これだけ有名な作品なのに、感想を上げている人が異様に少ない。
それはたぶん2つの理由から ―
①【作品自体が重たい】
駄作やB級娯楽作品の対極にこのヘビーな作品があって、未だ想いを言葉化できない=手をつける時期がまだ来ていないと感じている鑑賞者が潜在的に多くいるからだと想像します。
(僕もいくつかの作品、そうですから)。
そしてもうひとつの理由としては ―
②【未体験の世界がテーマ】
つまり、日本には精神科、精神分析医、カウンセラー等を普段の生活の中で、時宜に応じて あるいは定期的に、自己メンテナンスのツールとして“利用する”という習慣がほぼ皆無だからでしょうね。

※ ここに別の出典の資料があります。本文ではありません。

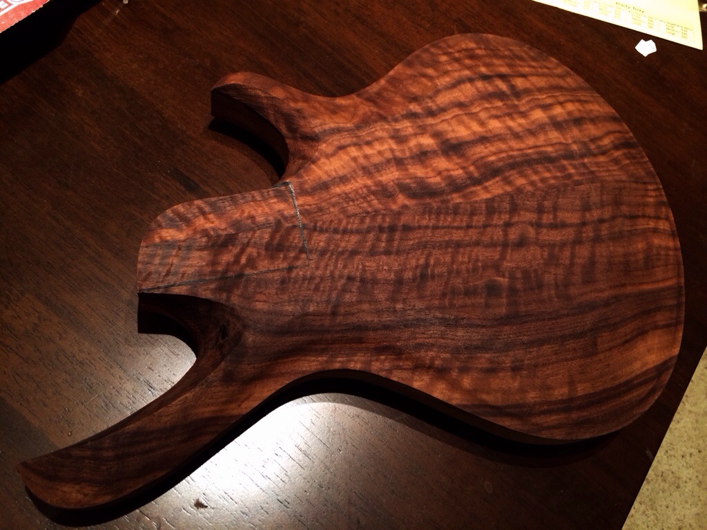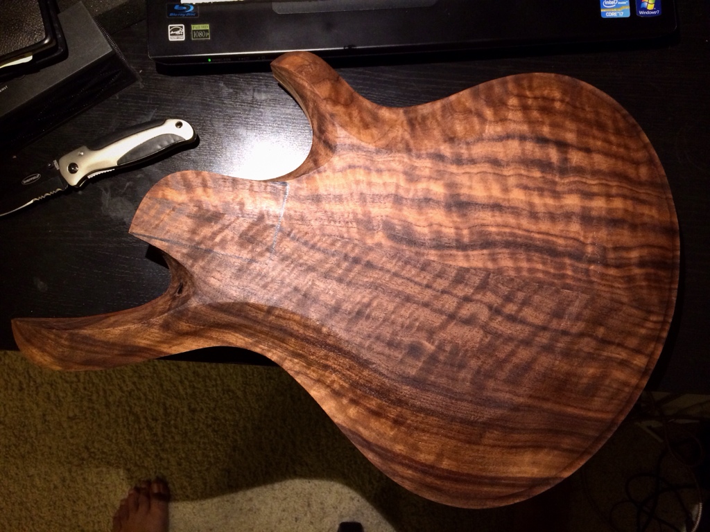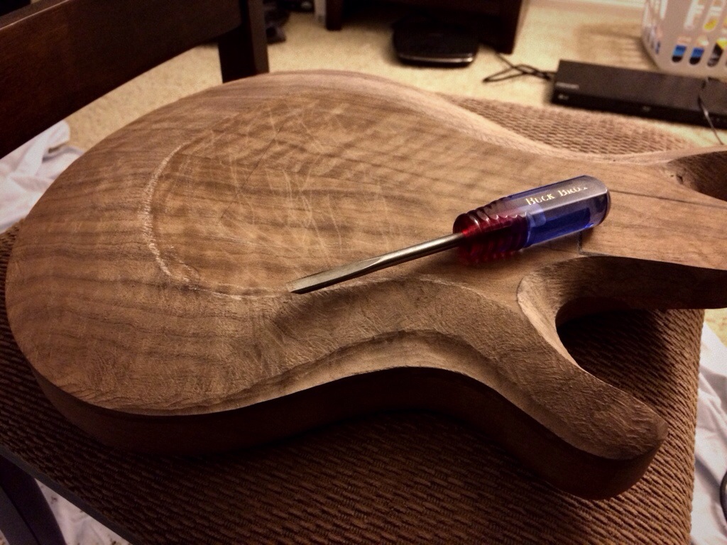 Ok so I got a carving kit and went at this by hand to make this contour top, an archtop. It took me all of the chronicles of riddick to get this done. I still need to smooth out the base transition and finish sand the body. So far I’m working cleaner than I have before; that makes me happy.

・・かかりつけの歯医者がいるように、個々がかかりつけのカウンセラーを持っているアメリカでは、この映画を制作する側の前提も、もちろん観る側の前提も、日本とは共通体験が全く違っているから。
僕は学校で心理学やカウンセリングを学びました。施療する立場も受診する立場も体験しています。

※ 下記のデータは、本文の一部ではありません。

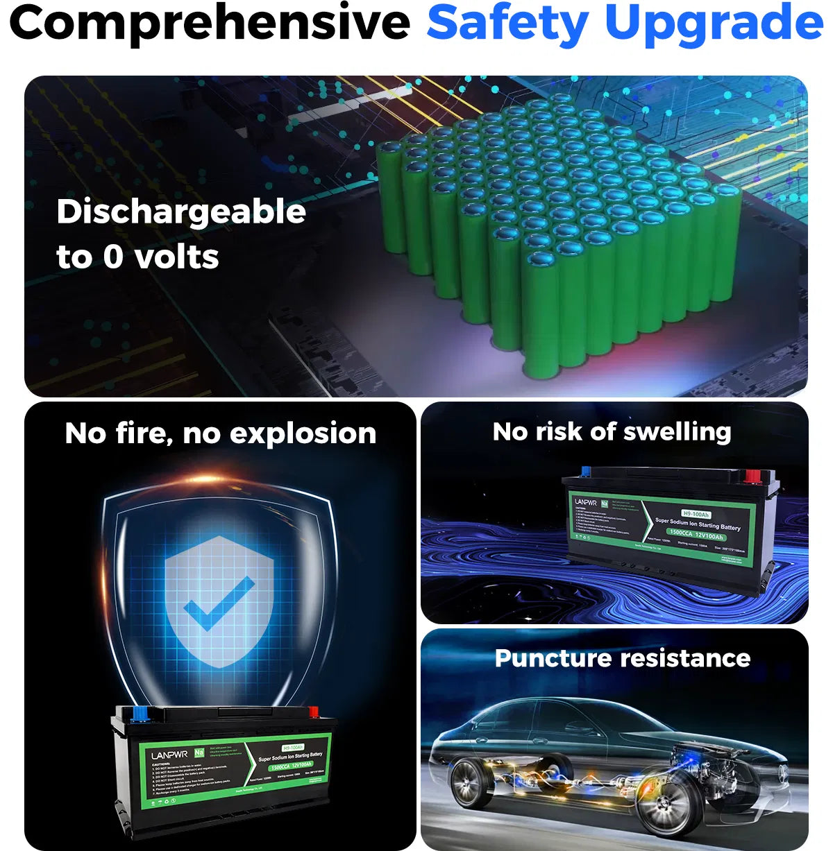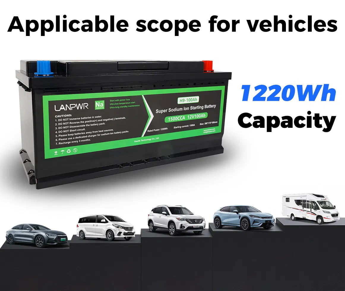 The LANPWR 12V 100Ah Sodium-ion Battery Pack, with an impressive 1500 Cold Cranking Amps (CCA), offers reliable and powerful starting performance for both car and marine applications. Its compact size and lightweight design ensure improved vehicle efficiency and performance.

優れたカウンセラーも、力量のない分析医も知っています。
だからこの作品が、腰の座ったカウンセラーを中心にして回るように構成されていること、その骨格が好ましく、僕としては非常に興味深くて 面白かったです。
☆満点です。
・・・・・・・・・・・・
◆登場人物たち
「父親」は、長男の事故死と次男のリストカットが一体のものであり、因果関係があることを知っている。
弁護士ゆえ なおさらである。
「次男」は、兄を死なせたのは自分なのだと激しい自責の念を抱えているし、そのことで母親が自分に憎しみを向けていることに気づいている。
家庭崩壊は自分のせいだと思っている。
そして「母親」は、
そのお母さんから《強く生きられない人間はダメだ》と言い含められて育ってきた。
親の代から続く強迫観念の桎梏の中に彼女はある。
(親にも自分自身にも弱みは見せられない)。
だから秘して長男に対しては最高得点の評価と追想に生きているし、次男に向かっては断罪の視線に生きる。ただし彼女は中立で取り乱さないパーフェクトな自分であろうとするから、悼みの気持ちも断罪の思いも、心の奥底にしまって隠そうとしている。
彼女は、本当は、喉元まで出てきている言葉と本心
「私は悲しい、泣きたい」
「コンラッド、お前が死ねば良かったのに」
このキーワードを吐くことが出来れば、堰を切って、彼女にも新しい転機が生まれるだろう。
家族三人が黙して仮面をかぶり「普通の家族」を演じることの無理を、監督レッドフォードはよくここまで真摯に撮ったと思います。
大丈夫。母親はこれからです。ゴルフ仲間に悪態をついたから、彼女の解放は始まっている。
オスカーはバーガー医師に献じたかった。